What to produce
Starting from the line that holds "Business Machines 20020300D3L", output exactly each line through the end of the listing. Do not copy pictures.

▽

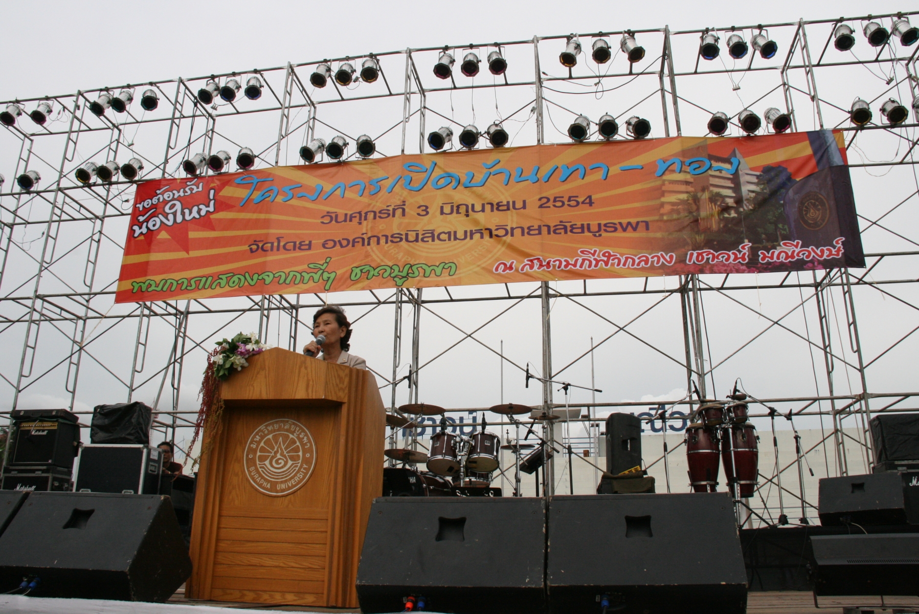 โครงการเปิดบ้านเทา-ทอง เพื่อต้อนรับนิสิตใหม่ได้รู้จักภายในมหาวิทยาลัยให้มากยิ่งขึ้น และรวมถึงการสร้างประสบการณ์ที่สร้างความสนุกสนานในชีวิตรั้วเทาทอง จัดโดย องค์การนิสิตมหาวิทยาลัยบูรพา เมื่อวันที่ 3 มิถุนายน พ.ศ. 2554 ณ สนามกีฬากลาง เชาวน์ มณีวงษ์
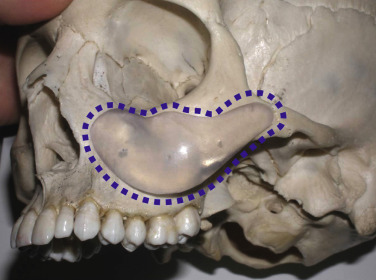 After the anterior maxilla is dissected, the periosteal elevator is angled, and the remainder of the dissection is primarily in an oblique vector ( Fig. 7.13 ). All of the common implants extend over the lateral maxilla and zygomatic regions and taper out to a thin tail. This oblique vector of dissection is carried out over the malar region and extends over the medial portion of the zygomatic arch. It is extremely important to remember that the implant pocket should be just slightly larger than the intended implant ( Fig. 7.14 ). A grossly larger pocket only serves to encourage mobility and dead space. This is even more important if screw fixation is not being used, so the smaller pocket will retain the implant and reduce mobility.
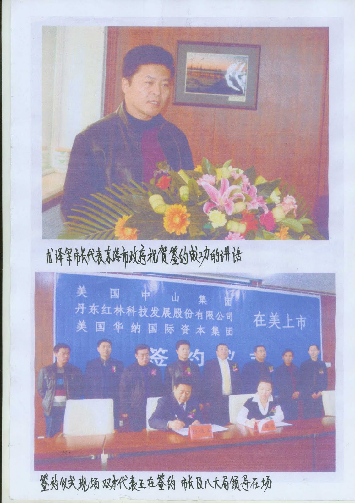 2009年2月9日,东港市人民政府在市政府文化礼堂隆重举行“美国中山集团-丹东红林科技发展股份有限公司在美国上市”的签约仪式签约仪式上由副市长龙泽军主持和发表重要讲话,称丹东红林科技发展股份有限公司在中山集团的帮助下,丹东红林科技发展股份有限公司将在美国上市。一时间,丹东市和东港市的电视台对盛况空前的签约仪式进行连续不断的渲染,老百姓被丹东红林科技发展股份有限公司即将到美国上市这一极具诱惑力事件所吸引!大家纷纷向丹东红林科技发展股份有限公司投资,等待着原始股投资的丰厚回报。
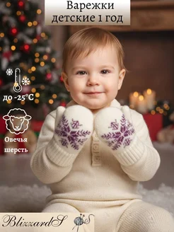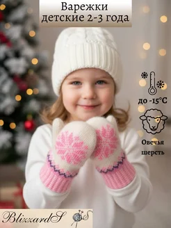 Варежки зимние вязаные шерсть для малышей на 2-3 года
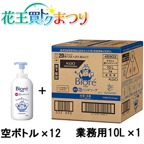 【花王買っトクまつり!セット品が今だけオトク!/2026年4月15日まで(※販売状況によって、キャンペーン期間中に販売が終了になる可能性がございます)】空ボトル12本と、ビオレu泡ハンドソープつめかえ(業務用)10L×1箱のセットです。
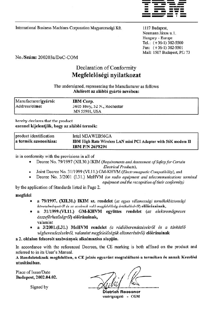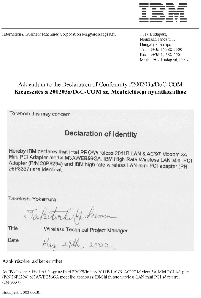 Business Machines 20020300D3L IBM ThinkPad R40 Series - 802.11a/b Mini PCI User Manual
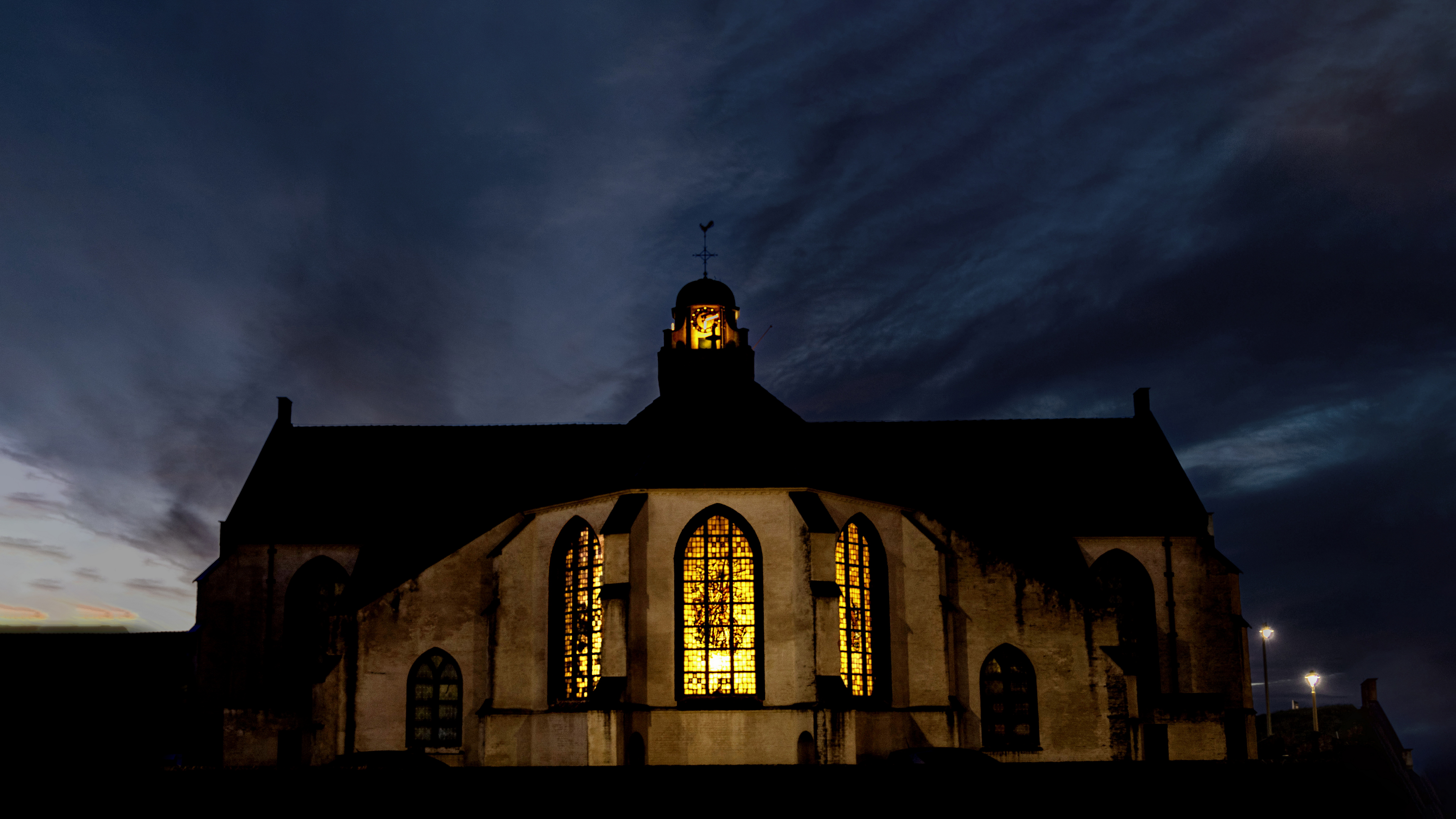 Als het donker wordt en binnen de lichten aan gaan.

△

Response to this exercise
 Business Machines 20020300D3L IBM ThinkPad R40 Series - 802.11a/b Mini PCI User Manual
 Als het donker wordt en binnen de lichten aan gaan.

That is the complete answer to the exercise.